I chose to go with Greed Modularity as I have the most experience with it.  
Feel free to try out other algorithms!

In [89]:

gmc = greedy_modularity_communities(G, weight='weight', resolution=1)

## This is how many communities were identified
len(gmc)

### Loop through the communities and graph each one

In [134]:
counter=1
for comm in gmc:
    temp_subgraph = G.subgraph(comm)
    net=Network(height="100%", width="100%", bgcolor="#222222", font_color="white")
    net.from_nx(temp_subgraph)

    ## The below blocks can be turned on or off to adjust functionality in the graph
    ## Turn this on to get a physics menu below the graph
    ## Must turn off the set_options block below
    #net.show_buttons(filter_=['physics'])
    
    ## Turn this on to get full control of the graph
    ## Must turn off the set_options block below
    #net.show_buttons()#(filter=['nodes, edges, layout, interaction, manipulation, physics, selection, renderer, physics'])

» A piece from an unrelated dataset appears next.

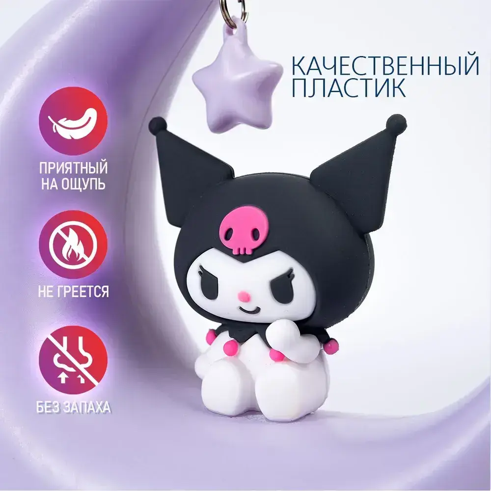 Ночник Куроми на луне, светильник настольный. Лампа детская Kuromi (Hello Kitty), 3 уровня яркости. Размер 13.5х11.5 см.

    ## This sets the settings that are available in the commented out line above.
    ## Remove this function if you want to start your settings from scratch.
    net.set_options(
        '''var options = {
      "nodes": {
        "color": {
          "border": "rgba(112,12,233,1)",
          "background": "rgba(161,88,252,1)",
          "highlight": {
            "border": "rgba(17,229,233,1)",
            "background": "rgba(100,255,254,1)"
          },
          "hover": {
            "background": "rgba(170,201,255,1)"
          }
        }
      },
      "edges": {
        "color": {
          "color": "rgba(125,92,175,1)",
          "highlight": "rgba(95,252,255,1)",
          "hover": "rgba(102,103,255,1)",
          "inherit": false
        },
        "smooth": false
      },
      "interaction": {
        "hover": true,
        "multiselect": true
      },
      "physics": {
        "forceAtlas2Based": {
          "gravitationalConstant": -83,
          "springLength": 135
        },
        "minVelocity": 0.75,
        "solver": "forceAtlas2Based"
      }
    }'''
    )

    filename = 'Graphs/community_' + str(counter) + '_graph.html'
    counter += 1
    net.show(filename)

#### Optionally, select a specific community to graph
- To do this just uncomment the blocks below
- gmc is sorted by default with gmc[0] being the largest community and gmc[-1] being the smallest.

In [140]:
comm = gmc[0]
subgraph=G.subgraph(comm)

net=Network(height="100%", width="100%", bgcolor="#222222", font_color="white")
net.from_nx(subgraph)

## The below blocks can be turned on or off to adjust functionality in the graph
## Turn this on to get a physics menu below the graph
## Must turn off the set_options block below
#net.show_buttons(filter_=['physics'])

## Turn this on to get full control of the graph
## Must turn off the set_options block below
#net.show_buttons()#(filter=['nodes, edges, layout, interaction, manipulation, physics, selection, renderer, physics'])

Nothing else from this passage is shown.